• _Data for the task_:
###
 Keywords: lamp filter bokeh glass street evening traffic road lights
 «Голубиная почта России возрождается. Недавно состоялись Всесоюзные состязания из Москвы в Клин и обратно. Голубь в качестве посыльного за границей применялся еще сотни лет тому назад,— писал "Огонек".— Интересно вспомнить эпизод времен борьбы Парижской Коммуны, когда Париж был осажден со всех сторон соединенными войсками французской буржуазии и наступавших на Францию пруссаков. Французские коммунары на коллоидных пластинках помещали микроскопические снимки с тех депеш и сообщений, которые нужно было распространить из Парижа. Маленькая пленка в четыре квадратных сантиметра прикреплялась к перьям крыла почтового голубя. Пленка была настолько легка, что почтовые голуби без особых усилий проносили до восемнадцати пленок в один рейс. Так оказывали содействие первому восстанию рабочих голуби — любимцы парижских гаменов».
###
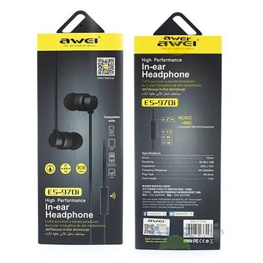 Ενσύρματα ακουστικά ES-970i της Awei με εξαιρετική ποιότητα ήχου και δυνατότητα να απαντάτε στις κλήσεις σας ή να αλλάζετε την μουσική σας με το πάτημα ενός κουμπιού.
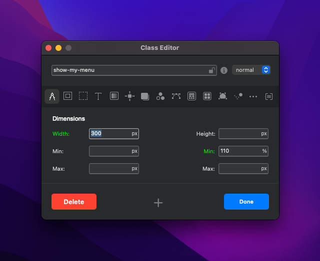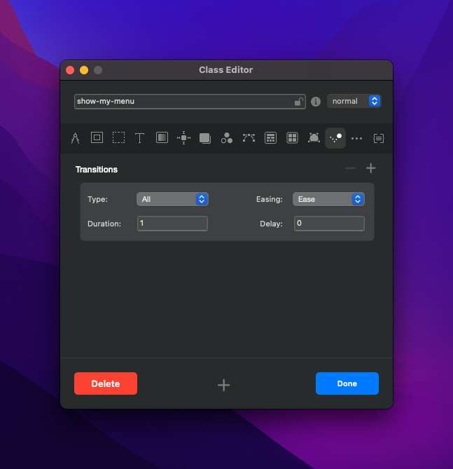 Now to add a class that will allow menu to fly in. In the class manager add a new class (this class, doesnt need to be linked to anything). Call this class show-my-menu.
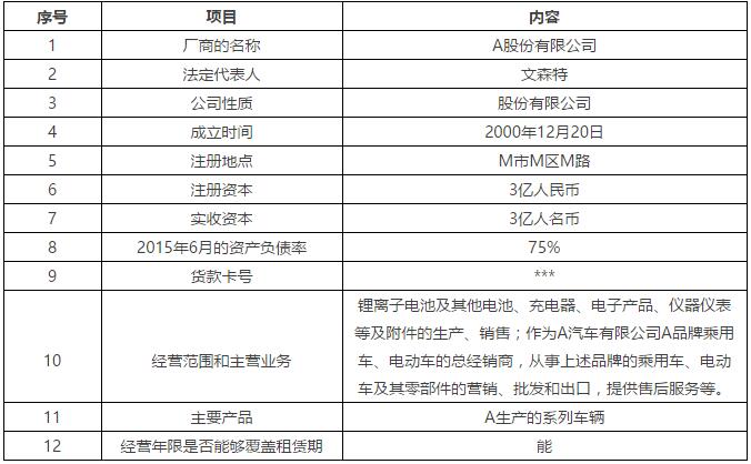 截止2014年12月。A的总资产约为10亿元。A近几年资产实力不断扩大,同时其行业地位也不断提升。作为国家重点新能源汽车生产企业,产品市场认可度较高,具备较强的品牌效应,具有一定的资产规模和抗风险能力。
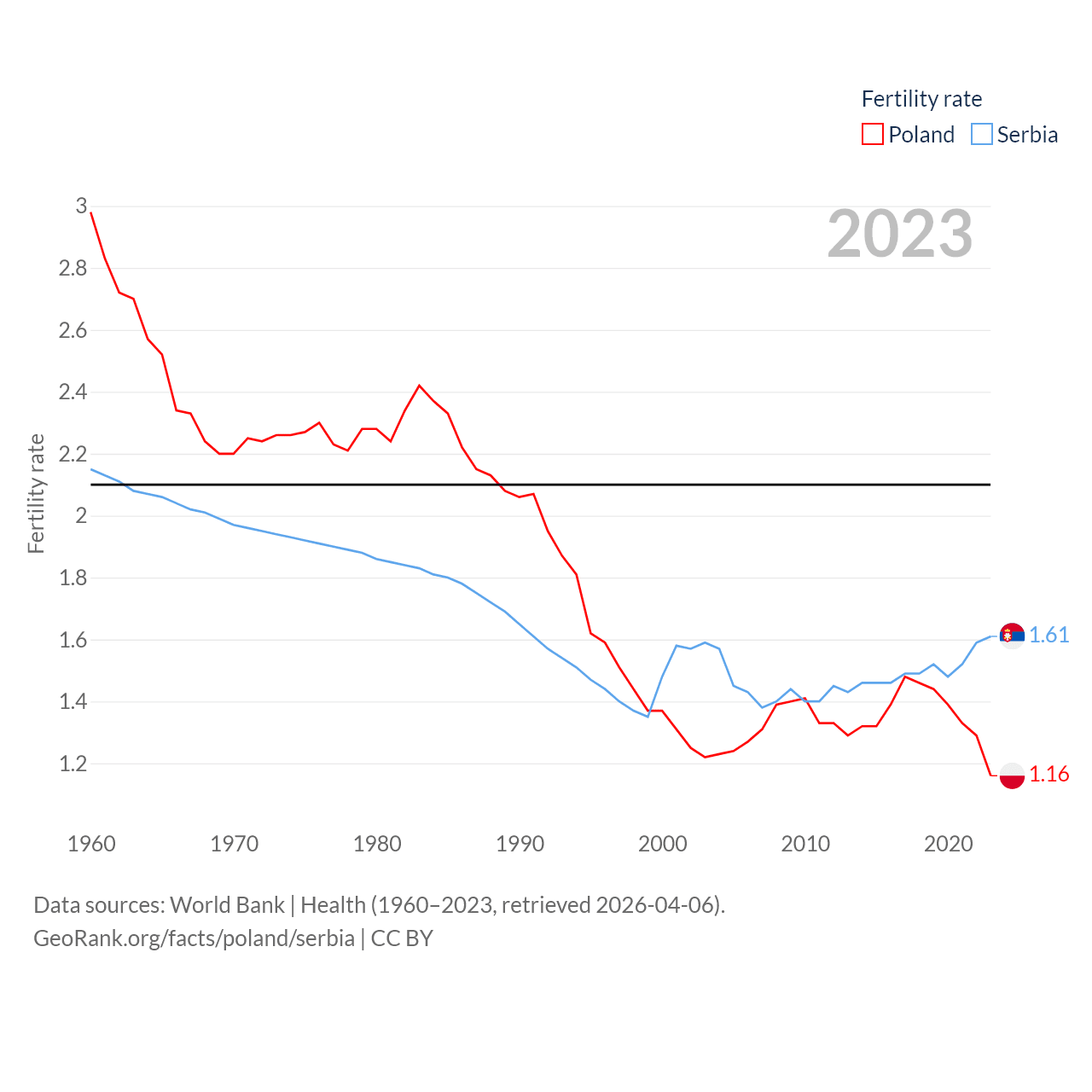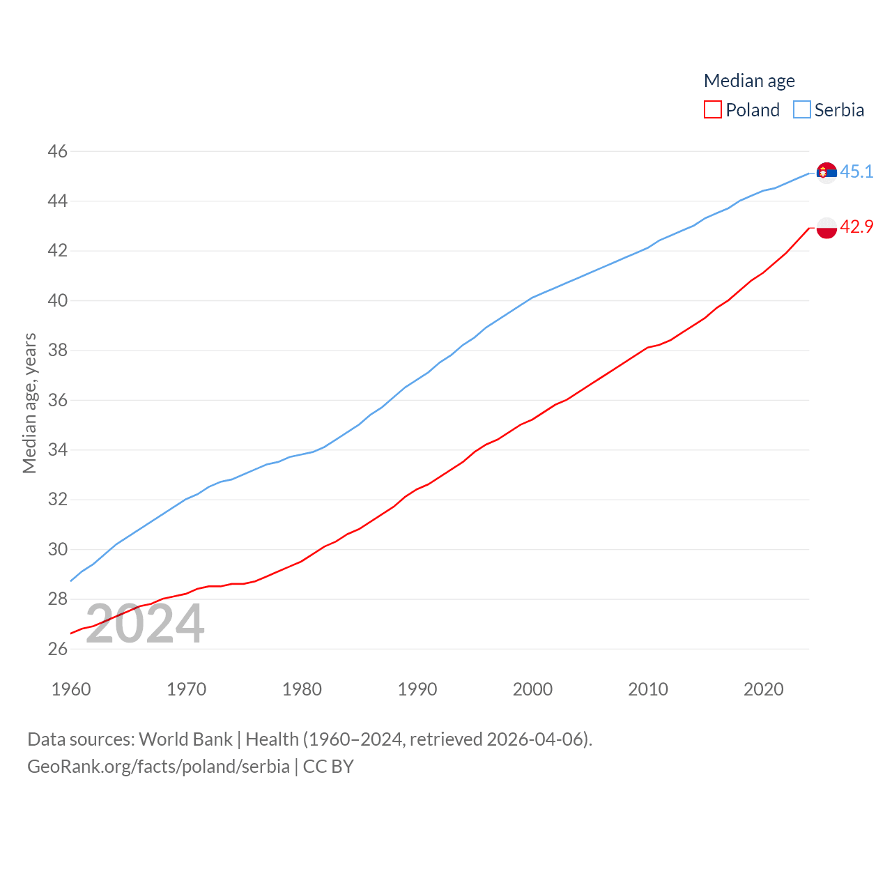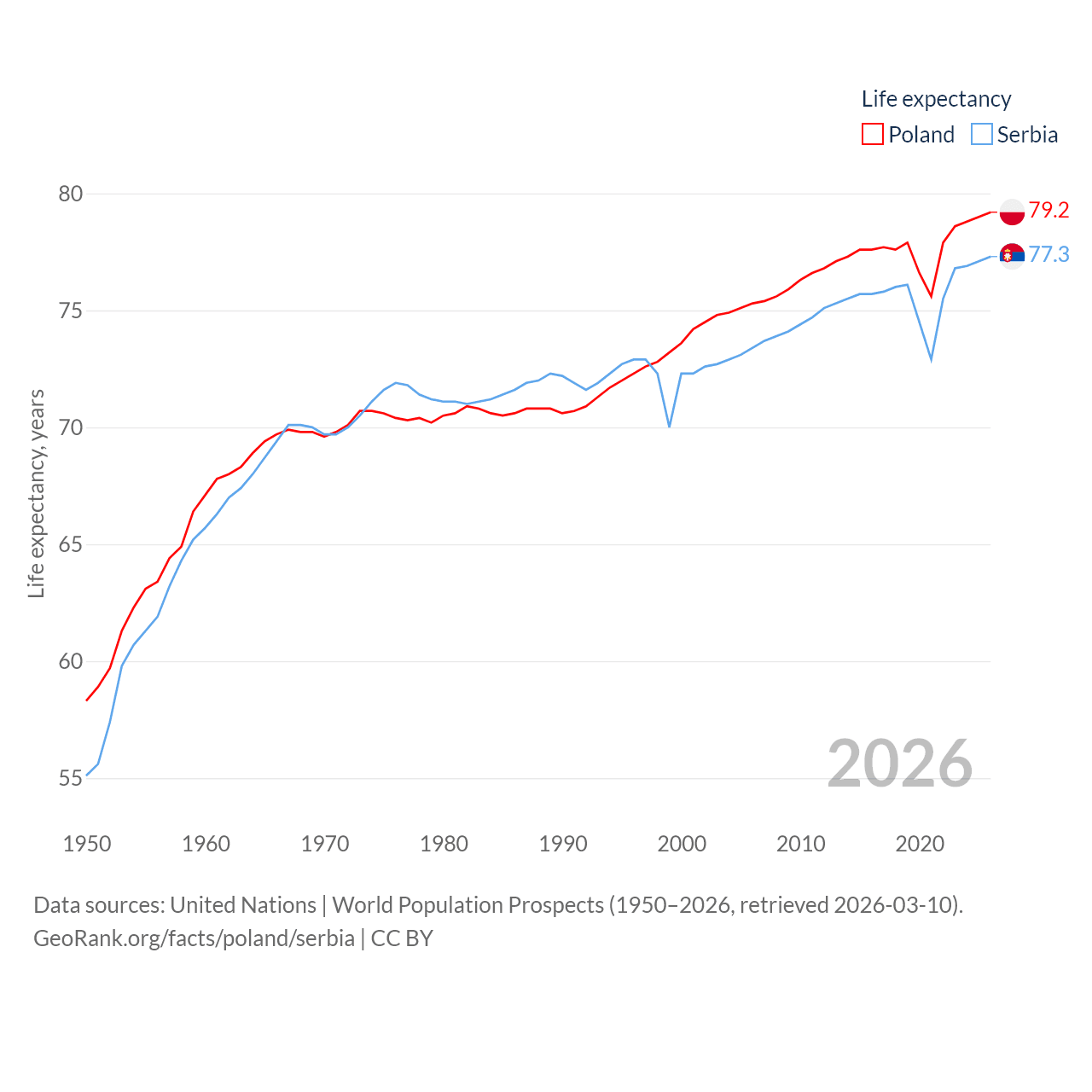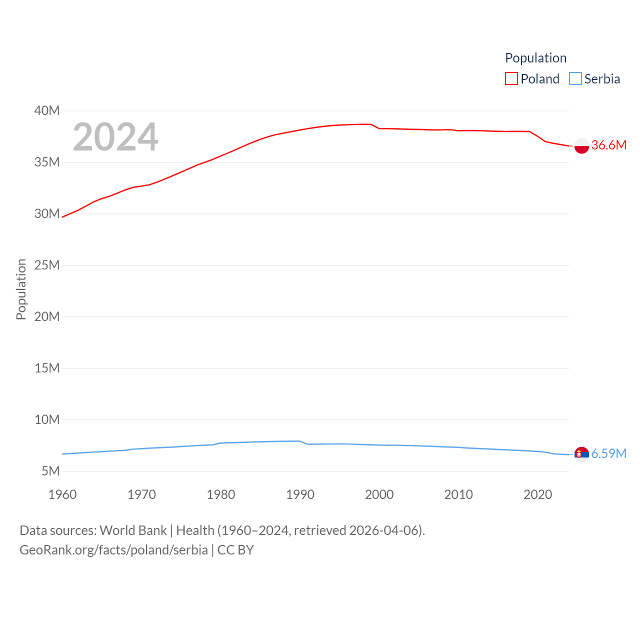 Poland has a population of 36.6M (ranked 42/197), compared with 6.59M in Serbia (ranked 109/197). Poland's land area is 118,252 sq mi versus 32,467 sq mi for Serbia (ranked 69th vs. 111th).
###
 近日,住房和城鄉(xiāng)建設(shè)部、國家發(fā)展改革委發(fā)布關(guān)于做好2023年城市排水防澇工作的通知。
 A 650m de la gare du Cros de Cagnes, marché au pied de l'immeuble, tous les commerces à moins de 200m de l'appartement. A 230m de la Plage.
###
Between and including the line above that contains "截止2014年12月。A的总" and the line that contains "Poland has a", restate every line word for word. Pictures stay out.

 截止2014年12月。A的总资产约为10亿元。A近几年资产实力不断扩大,同时其行业地位也不断提升。作为国家重点新能源汽车生产企业,产品市场认可度较高,具备较强的品牌效应,具有一定的资产规模和抗风险能力。
 Poland has a population of 36.6M (ranked 42/197), compared with 6.59M in Serbia (ranked 109/197). Poland's land area is 118,252 sq mi versus 32,467 sq mi for Serbia (ranked 69th vs. 111th).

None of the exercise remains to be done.